Pay particular attention to the requires frontmatter, the prerequisites section, and the tool discovery section. Those lines tell you the real dependency: mcp: [rube], plus an active fillout_forms connection.
fillout_forms-automation skill FAQ
Is fillout_forms-automation beginner-friendly?
Yes, if you are comfortable authorizing an MCP connection. The skill keeps the workflow simple: connect Rube, activate Fillout, search tools, then execute. Beginners should start with read-only prompts such as listing forms or summarizing submissions before requesting changes to forms or workflows.
How is this better than an ordinary Claude prompt?
An ordinary prompt can describe what you want, but it may not know the current Composio Fillout tool schema. The fillout_forms-automation skill explicitly instructs the agent to use RUBE_SEARCH_TOOLS first, which reduces brittle assumptions about tool names, required fields, and execution order.
When should I not use this skill?
Do not use it when you cannot connect Rube MCP, cannot authorize the Fillout account, or need a fully offline workflow. Also avoid it for tasks that require custom code, data warehousing, or complex approval routing unless your prompt clearly limits the skill to the Fillout-side operations.
Does it support all Fillout actions?
It supports what the current Composio fillout_forms toolkit exposes through Rube MCP. That is why the skill requires tool discovery before execution. Treat the discovered schema as the source of truth, not assumptions from older examples or external API memory.

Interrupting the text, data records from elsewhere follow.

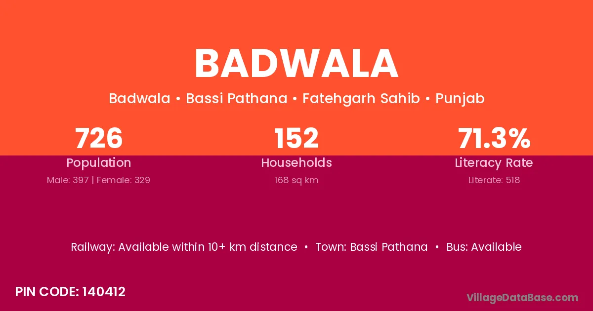 Badwala village has a total population of 726 people, of which 397 are males and 329 are females.
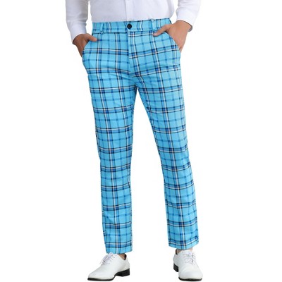 INSPIRE CHIC Men's Regular Fit Flat Front Classic Plaid Suit Pants
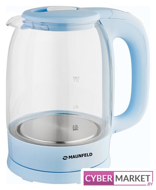 электрочайник, 2200 Вт, объем 1.7 л, подсветка, цвет голубой/черный
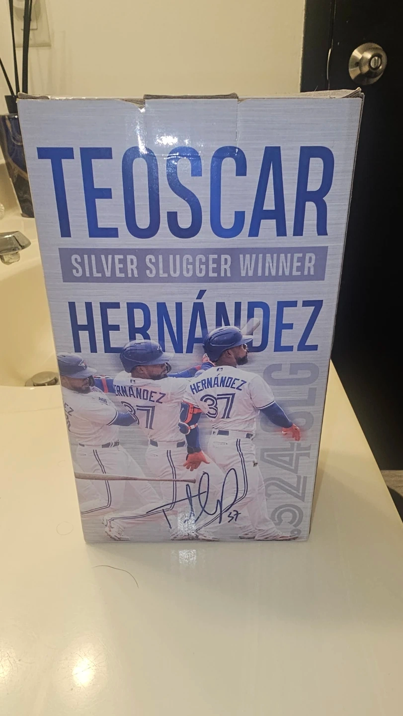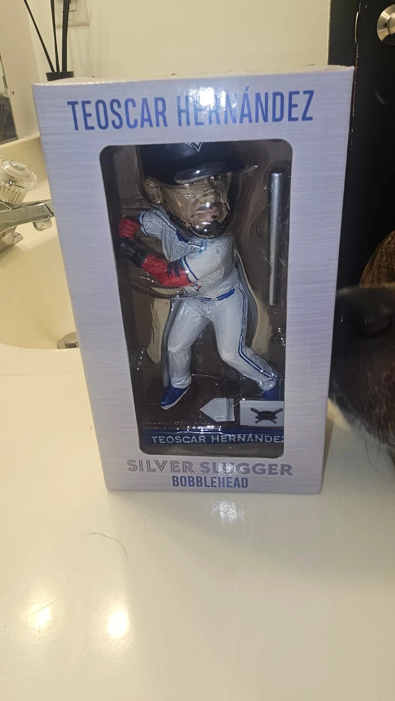 This is a Teoscar Hernández Silver Slugger bobblehead. It commemorates his 32 home runs, 116 RBI, and 163 hits. This collectible would be great for any baseball fan!
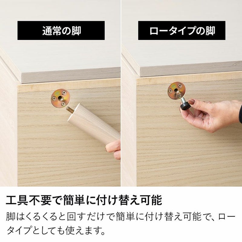 脚は回すだけで簡単に付け替えられるため、特別な工具は不要です。

How to Improve fillout_forms-automation skill
Improve fillout_forms-automation results with tighter prompts
The biggest quality gain comes from specifying the exact Fillout task and permission level. Instead of asking for broad automation, say:
“Use fillout_forms-automation to search current tools, verify the Fillout connection, find the form named Customer Intake, retrieve submissions from this month, and return a table with submitter name, email, date, and missing required fields. Read-only only.”
This gives the agent enough context to choose tools, avoid unsafe actions, and format the output usefully.
Common failure modes to avoid
The most common failure is skipping RUBE_SEARCH_TOOLS and trying to call a tool from memory. Another is attempting mutation before confirming the active connection and target form. Ambiguous object names can also cause problems when multiple forms have similar titles.
Reduce risk by requiring the agent to show the discovered plan before action, especially for workflow or form-builder changes.
Iterating after the first output
After the first run, refine with concrete follow-ups: narrow the date range, add filters, request only incomplete submissions, or ask for a proposed change plan instead of direct edits. If the agent reports a missing schema field, ask it to search tools again with the known fields it has already discovered.
For recurring work, save a tested prompt template that includes the connection check, schema search, read-only discovery step, and approval gate.
What maintainers could add next
The skill would be stronger with example prompts for common Fillout jobs, a short safety checklist for write operations, and sample RUBE_SEARCH_TOOLS queries for submissions, forms, workflows, and form-builder tasks. A README with installation screenshots for popular MCP clients would also reduce setup friction for new users evaluating the fillout_forms-automation skill.